WASHINGTON — The Space Force has broadened its plans to upgrade its legacy ground-based radars to improve their missile defense and space monitoring capabilities, now envisioning a sweeping program to digitize the mostly analog antennas and computer processors for all eight of the aging systems, according to a Space Systems Command (SSC) spokesperson.
The expanded Ground Based Radar Digitization (GBRD) effort is “transformational,” as it will allow the service to put into place “better ways to defeat modern digital threats (smaller, faster, more numerous objects),” the spokesperson said.
The re-scoped GBRD effort replaces a plan first put forward in a request for information (RFI) from industry last July which would have upgraded only six of the radars and involved only partial subsystem modernizations rather than a comprehensive overhaul, the SSC spokesperson explained.
SSC “is seeking industry inputs on a potential larger scope program to include all eight of our ground-based strategic radars,” a Space Systems Command (SSC) spokesperson told Breaking Defense. “In addition to the five Upgraded Early Warning Radars (UEWRs) and the PARCS radar in North Dakota, the RFI now includes the Cobra Dane radar in Alaska and the AN/FPS-85 radar at Eglin AFB, Florida.”

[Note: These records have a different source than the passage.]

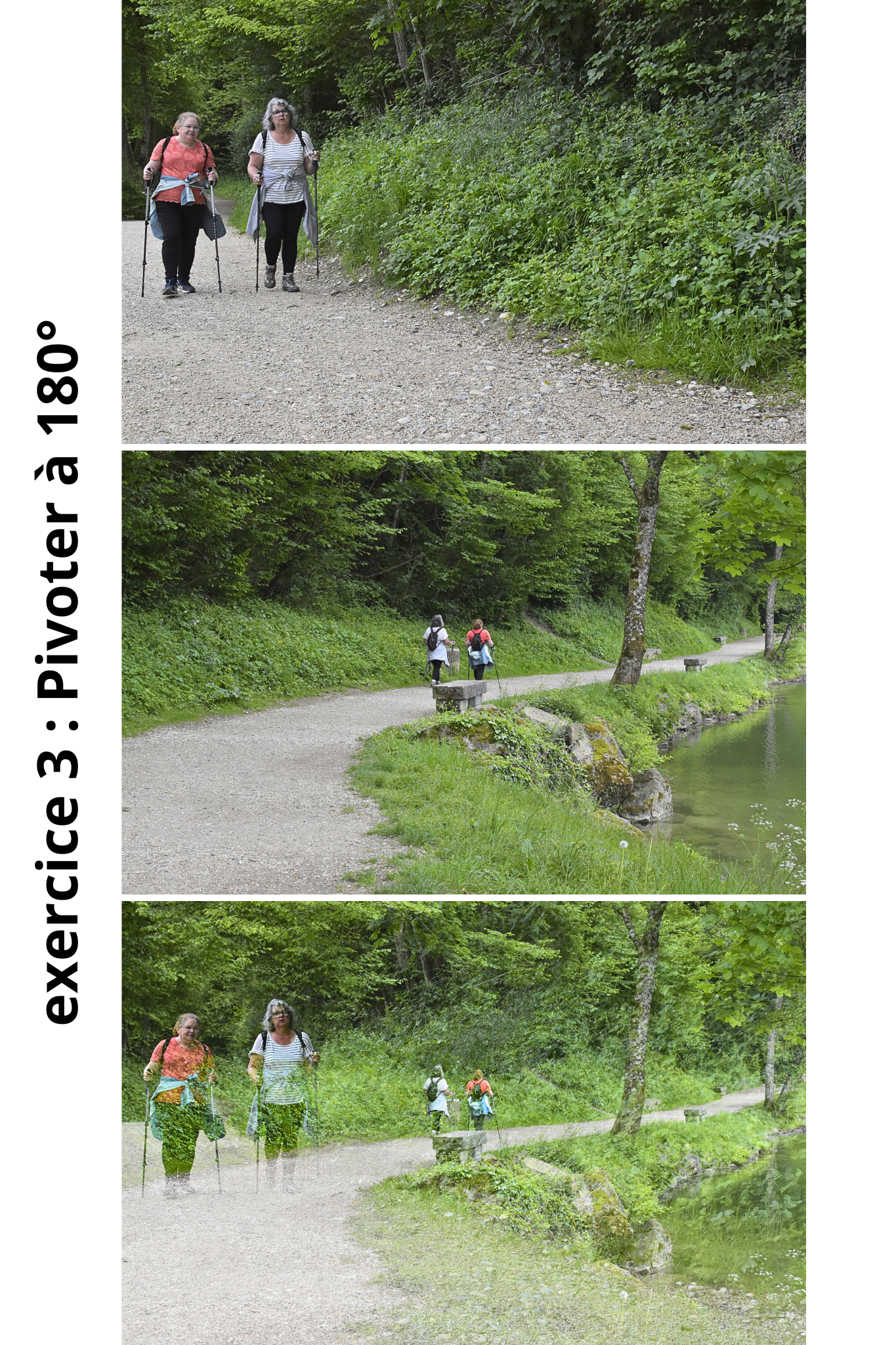 2 photos : sur un chemin (ou à un carrefour en ville), prendre une photo puis pivoter à 180° pour prendre « l’envers du décor »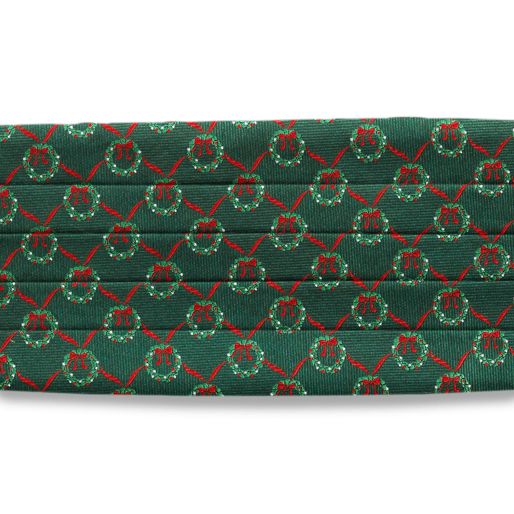 Lightly ribbed pine green woven silk squares, each bordered with ribbons of red, are highlighted by beautifully decorated holiday wreaths. A seasonal must-have.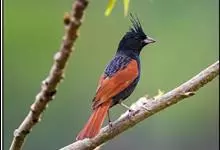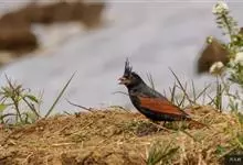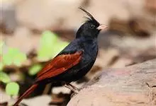 凤头鹀:属小型鸣禽,体重21-31克,体长134-175毫米。以头顶的细长羽冠为特征,雄鸟全身几乎均为黑色具蓝色光泽,两翅和尾以及尾上覆羽栗红色。雌鸟具短的褐色羽冠,上体暗橄榄褐色,…全部>>
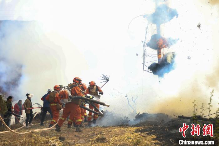 演練現(xiàn)場,森林消防進(jìn)行滅火。昌都市森林消防支隊 供圖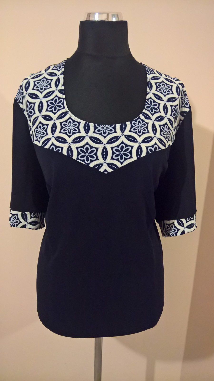 Bluzeczka ma ładny dekolt, cięcia francuskie.

“These aging systems are nearing obsolescence, necessitating technological upgrades. GBRD aims to digitize these radars for enhanced battlespace awareness, reduced sustainment costs, and resolution of obsolescence challenges,” according to the RFI.
The Pentagon’s fiscal 2026 reconciliation package included $1.98 billion for “improved ground-based missile defense radar” related to the Pentagon’s Golden Dome initiative. However, the SSC spokesperson declined to comment on whether some of those funds would be used to support the broadened GBRD effort.
Stressing that at the moment SSC is only “seeking information, not committing to any specific sites in the final program,” the spokesperson said that “the program office is unable to provide specific details on the status of funding at this time; however, the program office continues to seek information on fast-moving efforts with the desire to execute as soon as able.”
The UEWR radars directly feed into the Missile Defense Agency’s Ground-based Midcourse Defense system, with three UEWRs located at at Beale AFB in California, one at Fylingdales in the United Kingdom, and one at Thule AFB in Greenland.
The PARCS radar, formally the AN/FPQ‑16 Perimeter Acquisition Radar Attack Characterization System, first came online in the 1970s and supports the Space Force’s missile warning and space situational awareness missions.
Cobra Dane, which faces the western part of US Indo-Pacific Command according to a Space Force fact sheet, primarily supports the North American Aerospace Defense Command with missile warning data, but also serves as a node in the US Space Command’s Space Surveillance Network.
The AN/FPS-85 phased-array radar is primarily used for space surveillance, and can detect, track and identify up to 200 satellites simultaneously, according to a Space Force fact sheet.
The revised GBRD effort will equip all eight radars with the same “back end” computers, servers and software, as well as updating the radar’s “front end” antennas, the SSC spokesperson said — a major shift in approach from the original plan.
“The analogy is to think of the radar system ‘front end’ as the eyes and ears of the radar. It’s the large, physical hardware array that transmits and receives the radio frequency (RF) energy. The ‘back end’ is the brain. It’s the computers, servers, and software that take the raw energy received by the front end, process it, and turn it into understandable data — like identifying an object, its location, and its trajectory,” the SSC spokesperson explained.
The original RFI was seeking information on how “to give each radar a new, modern ‘brain’ (back end). While this was an improvement, it was like giving eight different people eight different, newer models of computers. They would all be better, but they would still operate differently. The new RFI is seeking input on giving all eight radars the same ‘brain’—a single, common, virtual stack software architecture,” the spokesperson added.
The change will put into place a common software update across the entire radar fleet, and will “dramatically” cut long-term costs, the spokesperson said. Further, the common back end means tracking data from all eight radars can be fused into a “much more comprehensive picture of the space domain.”
Unlike under the first GBRD plan, each radar also now will get a makeover of its “old, 1970s-era analog,” the spokesperson said.
“Digitizing the front end is like upgrading from an old analog television camera to a new 8K digital camera. It provides the new brain with an incredibly clear, high-fidelity data stream, unlocking the system’s full potential and allowing us to see the threats we couldn’t see before.”
According to the revised RFI, the Space Force is planning to reach initial operational capability with four “Rapid Prototype” sites completed in the first quarter of FY30; and full operational capability for all sites by the second quarter of FY31.
Interested vendors have until April 1 to respond to the revamped RFI.